His Majesty's Hotel. The original hotel on the site at 2-8 Mouat St was His Lordship's Larder, a single-storeyed, yellow-painted building. The new hotel - more genteel in style - was obviously built to take advantage of the increased passenger liner trade. The current building, from 1890 - architect Thomas Anthoness, builder Mr Taylor - now part of NDUA, like most of the buildings in these six city blocks of the West End of Fremantle, was briefly called by the former name after its Americas Cup renovation. It was restored substantially in 1999. Now NDUA School of Religious Education, School of Teaching and College of Education.
Howard Smith Building, 1-5 Mouat Street.
It was built c. 1900 for a shipping company founded by Captain William Howard Smith in 1854, which was originally a freight and passenger service between Melbourne and Geelong.
After changing the name of the company to Howard Smith and Sons, it expanded its operations to include Western Australia in 1894.
Now ND43 School of Nursing and Midwifery.
The Adelaide Steamship Company building, at 10-12 Mouat St since 1900. Architect: Oldham and Eales (1900), F.G.B. Hawkins (1947-48). Builder: C Coghill. As the Adelaide Steamship Company’s business expanded it needed a permanent office in Fremantle, so bought this site and commissioned the building, which was completed in 1900. The ground floor has granite plinths, rusticated walls and broad Doric pilasters, false balustrades under windows framed with heavily moulded pilasters supporting a pediment. The cornice is heavily moulded, with a balustraded parapet. In 1947-48, after severe fire damage, extensive work was carried out under the direction of F G B Hawkins. It is now the residence of a former Deputy Mayor of Fremantle, who restored it in 1991.
Said to have been built in 1896 for Edward Fothergill: tba.
14 Mouat St has recently had a facelift.
It was also used by Adelaide Steamship Co.
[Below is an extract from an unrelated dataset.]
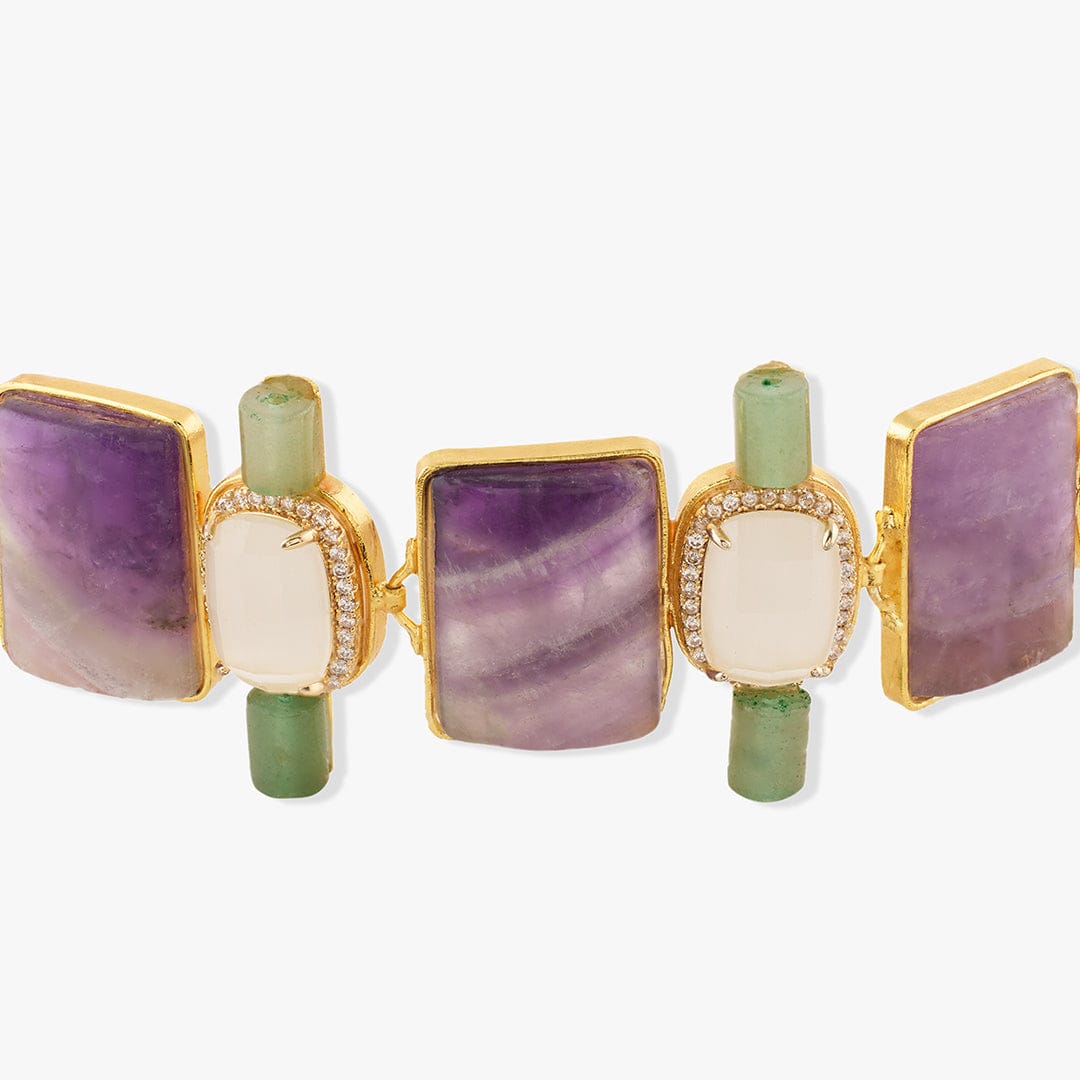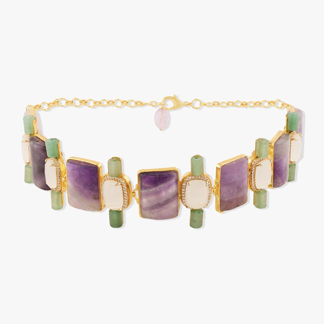 Description: The Xelene Choker mirrors the calm glow of dusk across amethyst skies. It features richly colored purple agate stones set along a structured gold-toned band. Finished with a lobster clasp, it adds refined boldness with a celestial touch. The stones are naturally varied, giving each choker a quiet rhythm of shape and tone.

It shares some elements of style, including Italianate stucco details, with No. 12.
In 2005 a penthouse added another two storeys to the building.
The German Consulate, 5 Mouat St, Architect: E.H. Dean Smith, was built in 1903 for William de Lacy Bacon. This is the most idiosyncratic of this architect's buildings. The German Consul, Carl Ratazzi, a wine and spirit merchant, and an accomplished linguist and brilliant orator, was also Acting Italian Consul, and was interned after the beginning of World War 1. He also represented the German shipping line Norddeutscher Lloyd, one of the earliest companies to make Fremantle a regular port of call. It was the ﬁrst shipping line to deliver mail to Fremantle; other lines, at that time, delivered mail to Albany. The textured, rusticated stonework of the building is not common in Fremantle. The German connection may explain the design, which has echoes of old Bavarian architecture. At the outbreak of that War, NDL ships in Australian ports were commandeered and at the end of the war, they were retained by Australia as part of war reparations and used to found the Australian National Line. Many people remember this building from the 1990s as the Tarantella Nightclub. It is currently a B&B.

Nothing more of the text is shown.